Abstract
Purpose: Motion responses of many cells in the macaque area MT exhibit center-surround antagonism. Recently, we discovered a surprising psychophysical correlate of this physiological effect: Duration thresholds for discriminating directions of brief moving Gabors increase substantially when spatial area and contrast exceed critical values (e.g., Tadin & Lappin, VSS 02). The present study extended this finding to partially correlated random-dot kinematograms (RDKs). We asked two questions: (1) Does increasing the size of a moving pattern reduce its visual signal/noise ratio? (2) Is the signal/noise of a central pattern enhanced by an oppositely moving surround?

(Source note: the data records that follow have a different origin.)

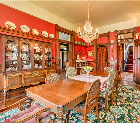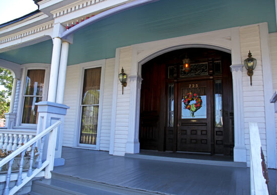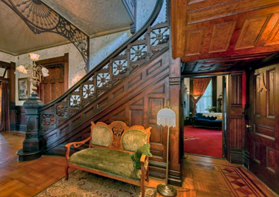 The 1897 Logan Victorian Mansion is stunning outside and inside as well. As the visitor walks up the steps, there is a fabulous wooden door and an impressive wooden decor around the door and porch area by the front door. The Logans designed a grand space outside for visitors before going into the grand foyer!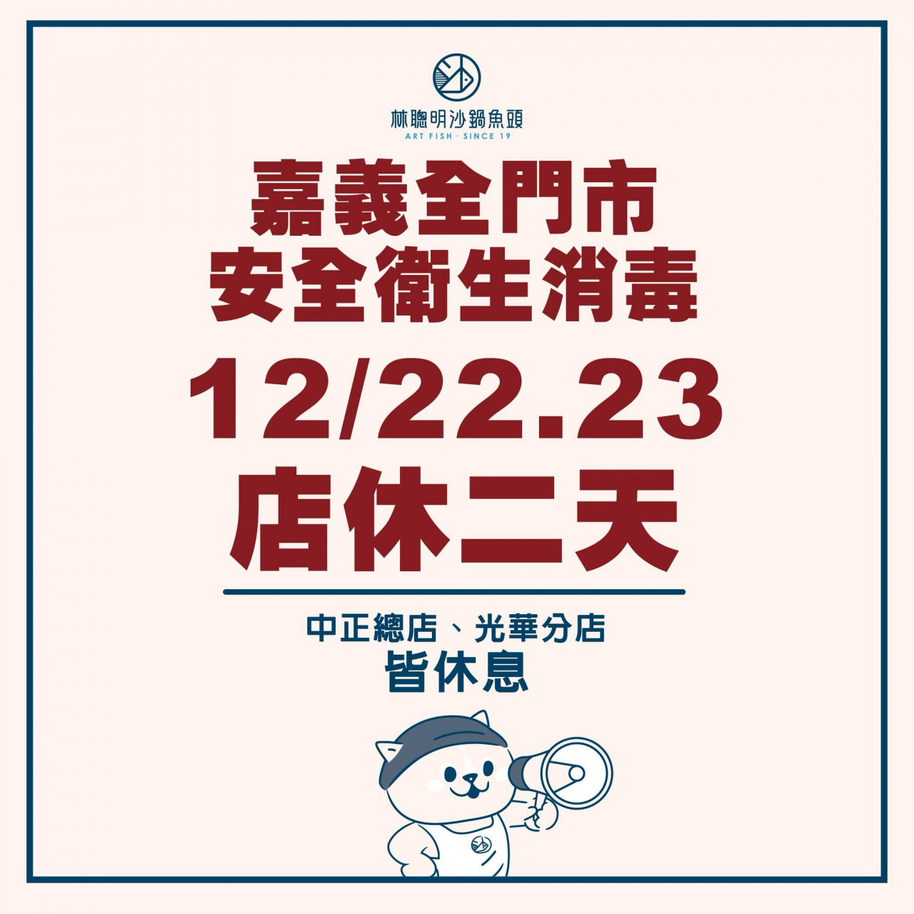 周一(12/22)林聰明沙鍋魚頭再於臉書發文表示為審慎確保用餐環境與餐點品質,嘉義中正總店與光華分店自即日起啟動自主消毒與衛生管理作業,並將於 12/22–12/23 暫停營業兩日。另針對其他已消費的顧客,設立專責窗口,啟動退款處理機制,將依公司作業流程協助辦理相關事宜。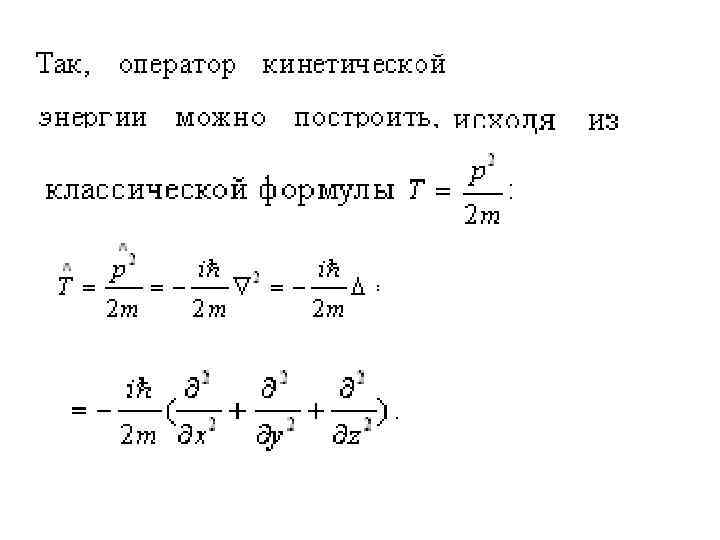 • Оператор Гамильтона для частицы с массой m строится по аналогии с функцией Гамильтона H • H = T+U(x, y, z, t) =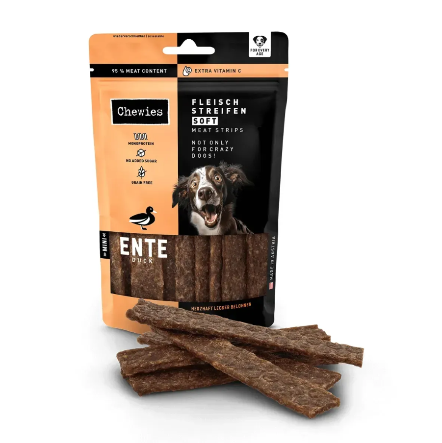 С Мясными полосками Chewies® Soft Ente вы радуете свою собаку неотразимым угощением. 95 % бережно высушенного мяса дарят насыщенный вкус – идеально для маленьких моментов радости или как ценное поощрение каждый день.

Methods: RDKs appeared in Gaussian spatial and temporal windows. A Quest procedure adjusted the percentage of pixels maintaining the same value (black or white) between adjacent frames (120 Hz), with the remaining pixels independently regenerated. One experiment measured correlation thresholds for discriminating directions of brief (2s = 16–64 ms) patterns of varied spatial area (15–300 arcmin diameter). Another experiment evaluated correlation thresholds for discriminating correlated from uncorrelated central patterns surrounded seamlessly by RDKs moving the same or opposite direction.
Results: With increasing size, spatial summation initially produced lower correlation thresholds at small sizes, but further size increases produced spatial suppression. The largest patterns had the highest thresholds. Correlation thresholds were also higher when the surrounding pattern moved the same direction than when it moved the opposite direction.
Conclusion: Signal/noise ratios of visual motion signals are context-sensitive, apparently involving early spatial differentiation.